Maintaining sterility and microbial safety is paramount in pharmaceutical manufacturing, especially for injectables and high-risk formulations. At Abiozen, our contamination control and microbial testing services are engineered to identify, mitigate, and prevent microbial risks throughout the production lifecycle. These services are critical to ensuring patient safety and meeting stringent global regulatory requirements.

Endotoxin and Sterility Testing

We employ the Limulus Amebocyte Lysate (LAL) assay to detect bacterial endotoxins in injectable products, ensuring they are free from harmful pyrogens. Sterility testing is conducted in ISO Class 5 cleanroom environments using validated methodologies that confirm the absence of viable microorganisms. These tests are fundamental for regulatory compliance and the release of aseptically manufactured products.

Particulate Matter Analysis

Our particulate testing protocols safeguard against both visible and subvisible contamination. Using high-precision laser-based particle counters and microscopy, we adhere to USP <788> and EP 2.9.19 standards for particulate matter in parenteral products. This ensures that all batches meet safety specifications before release, particularly for critical care and injectable therapies.

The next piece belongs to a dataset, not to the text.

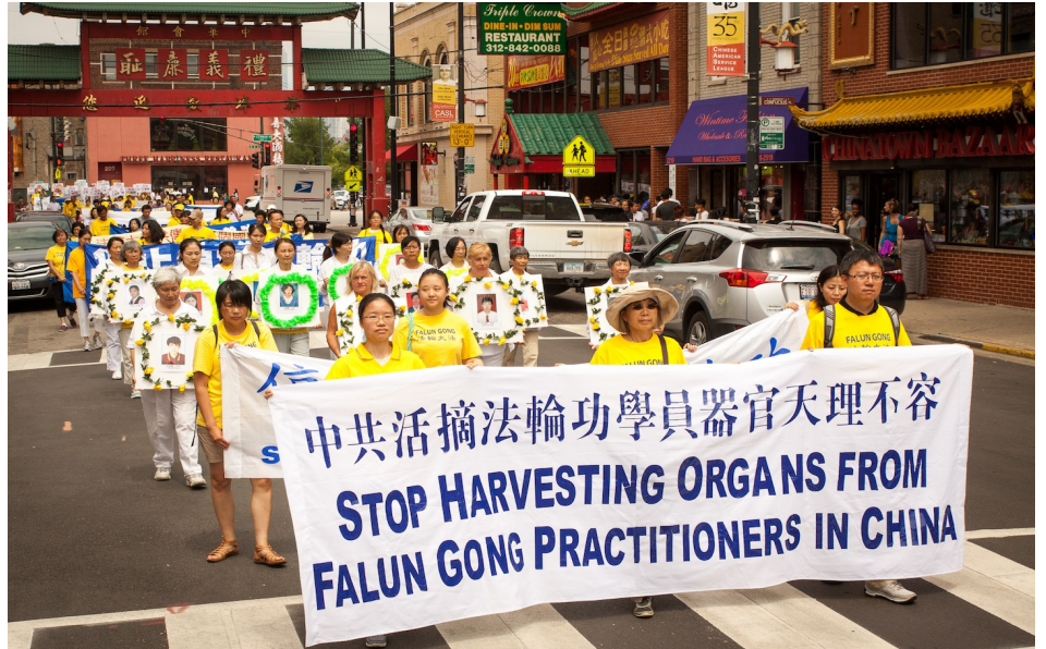
图：来自中部十个州的法轮功学员，齐聚芝加哥中国城举行盛大的游行。

随后的“声援三退”和“控告江泽民”方阵则以“声援 2 亿 4 千万人三退”“中共不等于中国 爱国不等于爱党”“法办迫害元凶江泽民”等横幅呼吁华人民众看清中共历史，摆脱中共思想奴役。数十个横幅与写有

Microbial Identification and Environmental Monitoring

Rapid identification of microbial contaminants is achieved using advanced techniques such as PCR and MALDI-TOF mass spectrometry. Our environmental monitoring program includes comprehensive air and surface testing to detect potential sources of contamination within cleanrooms and production areas. This proactive approach ensures a controlled manufacturing environment and supports ongoing GMP compliance.

Industry Alignment

Abiozen’s contamination control strategy is informed by best practices from Thermo Fisher Patheon’s sterile manufacturing protocols and Curia Global’s high-containment facilities. By aligning with these benchmarks, we deliver world-class microbial assurance to clients developing sterile and high-sensitivity pharmaceutical products.